Linda B. McCollum and Michael B. McCollum

Eastern Washington University

 

When we began our comprehensive study of the Middle Cambrian trilobite faunas of the Pioche Shale in 1993, we realized that the type species of two very important groups of trilobites; the kochaspids and oryctocephalids, had been described from the Pioche Shale by Walcott (1886). We searched the literature for any clue as to exactly where and at what horizon these type species [Kochaspis liliana (Walcott) and Oryctocephalus primus Walcott] had been found. Below is a brief summary of the database, both published and unpublished, which led us (faculty and undergraduates alike) to track down the lost locality.

 

The first Cambrian trilobites to be found from the Pioche Mining district were in 1871 by geologists of the Wheeler Survey (Gilbert, 1875). A much larger collection of Cambrian faunas from this area was made by Charles Doolittle Walcott (1850-1927) over a three day period beginning on September 21, 1885 and the trip is mentioned by Yochelson (1998, p. 184) in his biography of Walcott. It was to be Walcott's only trip to this area, so one could deduce from this that he was not overly impressed with the results of his visit. The following is a transcription of that trip taken from Walcott's diary and field notebook beginning on September 20, 1885.

Walcott's diary from September 20-23, 1885:
Sept. 20. Camp moved to Pioche. Took dinner there and wrote letters p.m. Telegraphed to chief clerk, USGS relative to meeting director at Kanab, Utah.
Sept. 21. Collecting Cambrian fossils with J.E.W. (J. Edward Whitfield) on the dump of the Chisholm Mine N.W. of Pioche Mine. Good access.
Sept. 22. Rode to Bristol and back 44 miles. Saw section below Eureka quartzite that gained little.

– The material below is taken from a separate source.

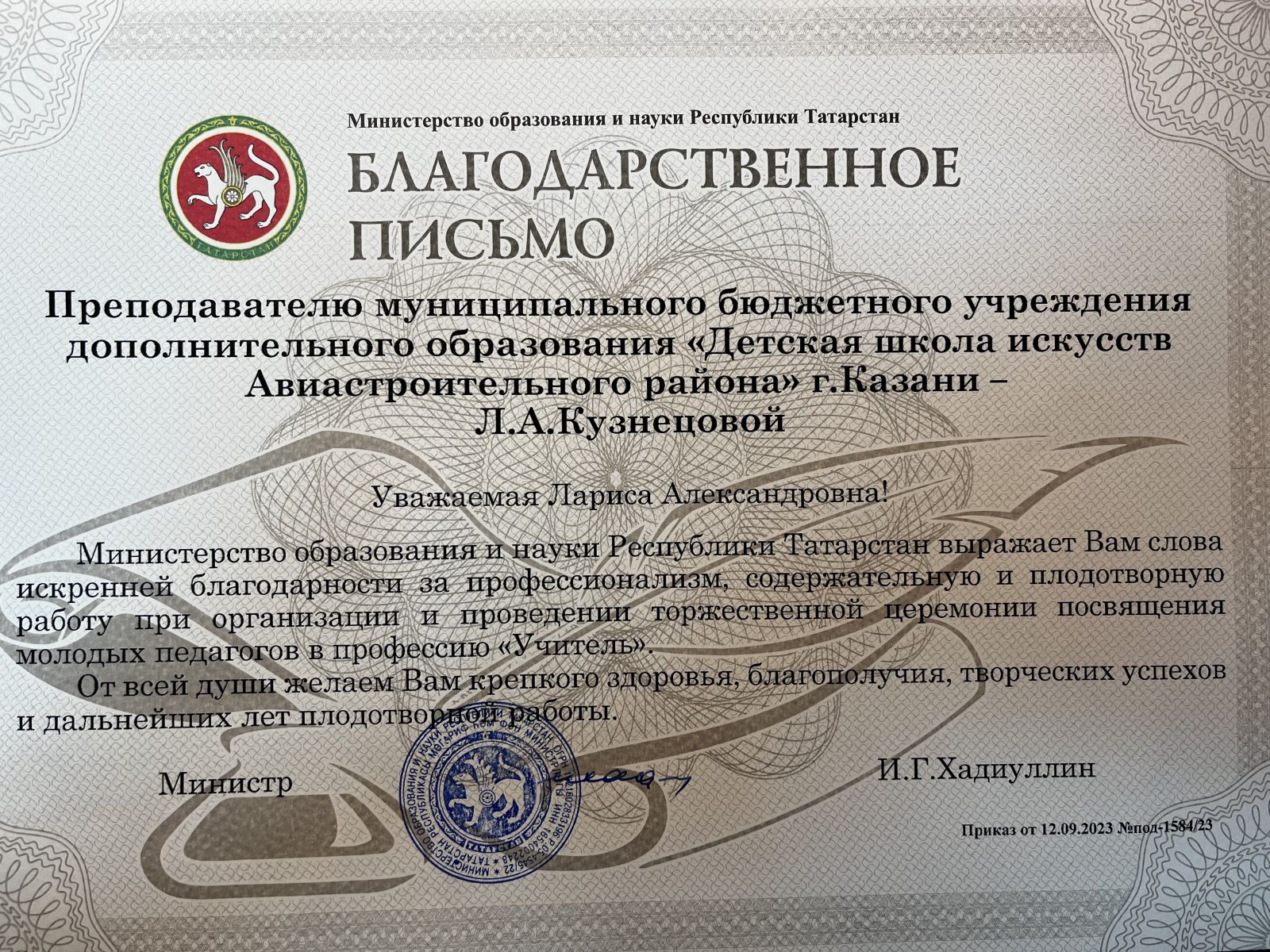 2.  Участие в организации и проведении торжественной церемонии посвящения молодых педагогов в профессию "Учитель" Кузнецова Л.А.;

Jack very lame on return.
Sept. 23. Collecting fossils about Pioche with J.E.W. Through with work in the region.

Walcott's field notebook from September 20-23, 1885:

9-22-85. North of the main peak of the Highland Range, the strata breaks over towards Stampede Gap and then extends in a long high ridge to the pass a little north of Bristol. At the pass, the light colored Eureka Quartzite caps the ridge on the north side and also the hills on the N.W. side. Estimating the thickness of the strata that is above the horizon of the upper beds of the Highland Peak section. I think 2500 feet is a conservative account.

9-23-85. The Olenellus horizon at Pioche (illegible word) limestone with numerous fossils Ptychoparia etc. The upper layers of the quartzite are a little calcareous in spots and these contain numerous fossils. [This collection was later referred to as USNM locality 31a].

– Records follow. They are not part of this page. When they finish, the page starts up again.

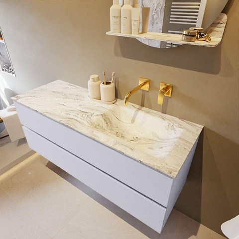 De buitengewone mooie badmeubel set VICA DLUX is een schitterend pronkstuk in uw badkamer. De gemarmerde Solid surface wastafel van CORIAN heeft een fraaie en tijdloze uitstraling. Door de zachte en natuurlijke vorm van de wastafel, gecombineerd met de tijdloze en prachtige badmeubel onderkast past de VICA-DLUX goed bij de diverse stijlen badkamers. Om uw badkamer compleet te af te stijlen hebben wij ook de nissen en spiegelhouders in dezelfde kleur als de wastafel. Zoals de Mondiaz nissen en spiegel planchetten. De serie VICA DLUX bestaat uit de 2 of 4 laden onderkast VICA gecombineerd met een CORIAN Solid surface wastafel met marmer structuur. De Solid surface CORIAN wastafel is in 5 marmer looks verkrijgbaar. Met deze badkamermeubel set heeft u wel die mooie marmeren uitstraling maar tevens ook het gemak en de hygiëne van Solid surface. Let op: U ziet bij de XL (60cm) variant de afbeeldingen/video's van de standaard hoogte (50cm)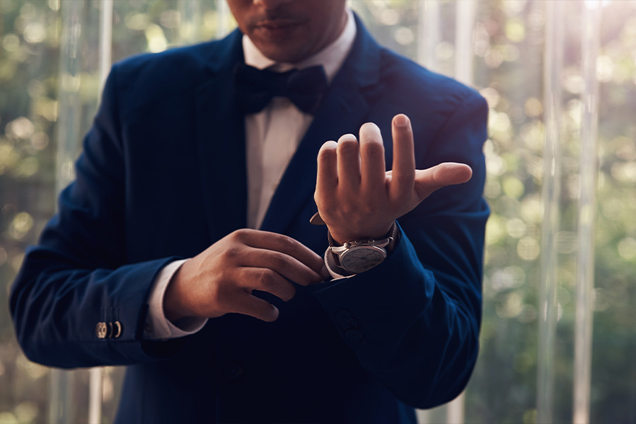 Seasonal Attire: In summer, lighter fabrics and colors are ideal. Linen suits or even well-fitted short-sleeve shirts can work for a beach or garden wedding. In winter, darker colors and heavier fabrics like wool are suitable.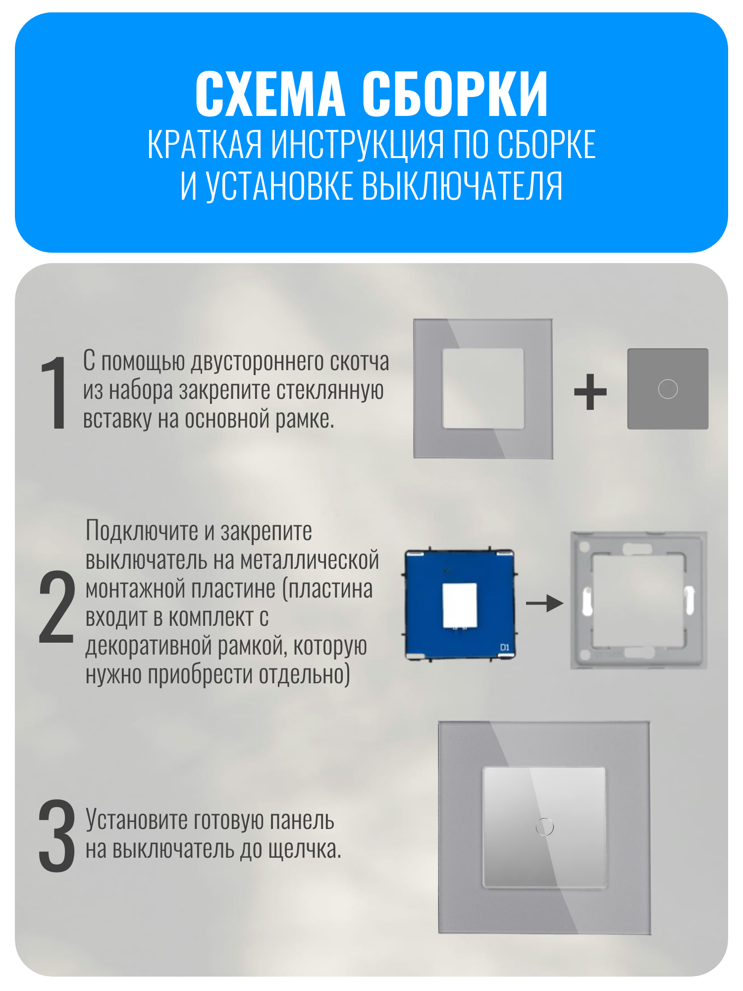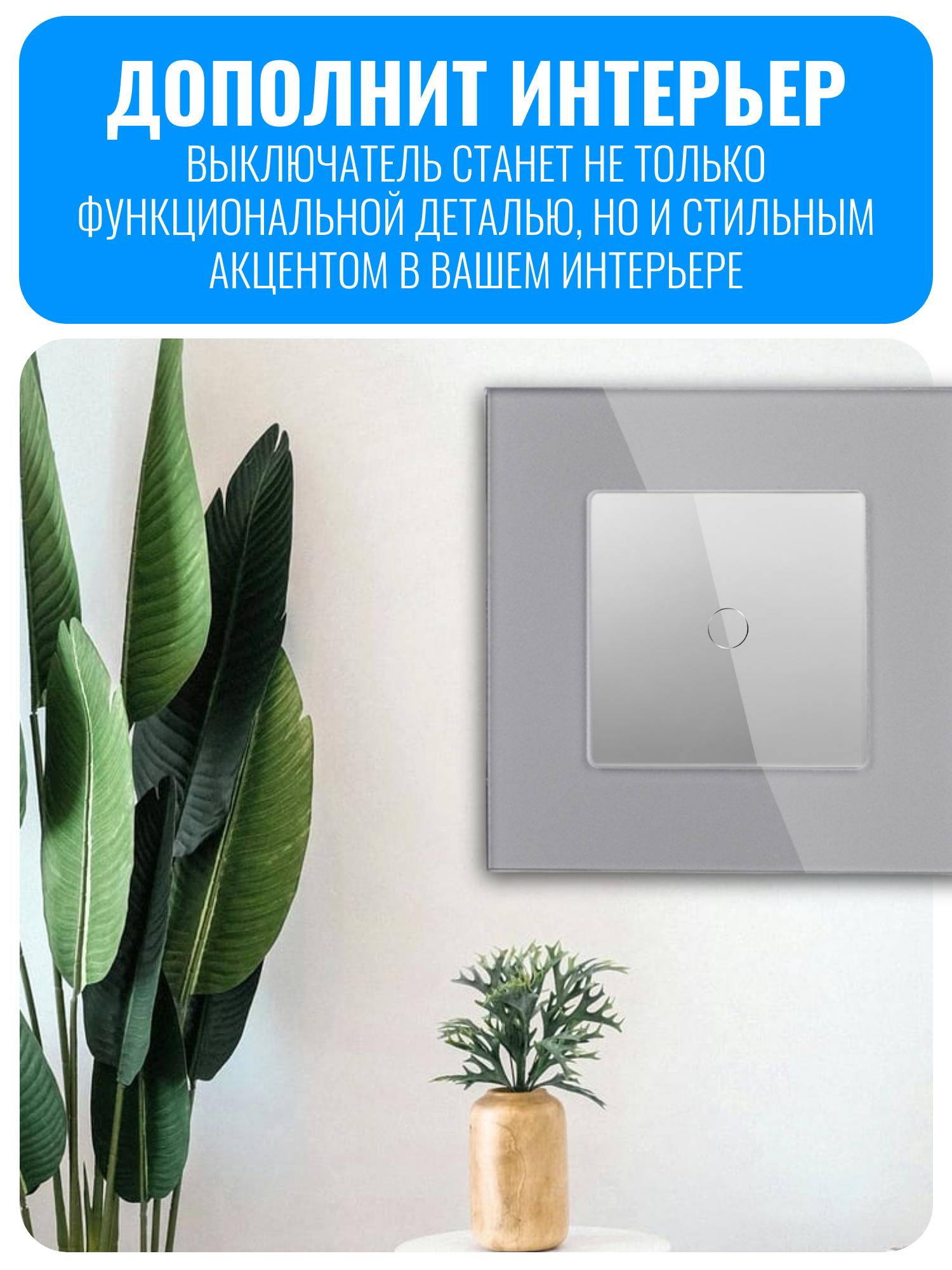 Выключатель можно установить как вертикально, так и горизонтально, что упрощает его интеграцию в любой интерьер. В комплекте поставляется только модуль сенсорного выключателя со стеклянной панелью, рамку нужно приобрести отдельно. Это позволяет выбрать рамку подходящего цвета и материала, чтобы она гармонично вписывалась в дизайн помещения.

Walcott's measured Cambrian section in the Highland Range from undated notes:

Cambrian section of the Highland Range on the west side half way between Bennett's Spring to Stampede Gap. The base of the section begins at the Quaternary and the western slope and the summit forms the apex of the range.



Walcott's published reports:

Walcott (1886, p. 33-35) published the Highland Range measured section and described the Cambrian faunas he'd collected from the Pioche district. The "Walcott Mystery" begins with this publication and centers on the stratigraphic horizon of the fossils he collected on September 23, 1885 from the calcareous "spots" in the quartzites. Walcott (1886, p.35) writes "On the east side of the anticlinal arch at Pioche, 20 miles east of the Highland section, the strata resting on the quartzite (2, 3 and 4 of section) contain the following species, four of which are found in the two localities:"



Of the eleven species he lists, only four are trilobites: "Olenellus Gilberti" Meek 1874, "Olenoides levis" n. sp., "Crepicephalus Augusta" n. sp., "Crepicephalus Liliana" n. sp., and he correlates both the faunas and lithology of this locality back into his Highland section. In addition, Walcott (1886, p.210-211) describes a new genus and species, Oryctocephalus primus, "In limestone just above the quartzite, east of Pioche, Nevada". Walcott (1886, p.187) noted that "Olenoides levis" occurs with "Olenellus Gilberti" and that the Lower Cambrian was defined by Walcott (1891) to be the range zone of Olenellus. Thus, all five trilobite species listed above were considered by Walcott to be lower Cambrian forms, but remember that three of these species were new to science and had never been found before.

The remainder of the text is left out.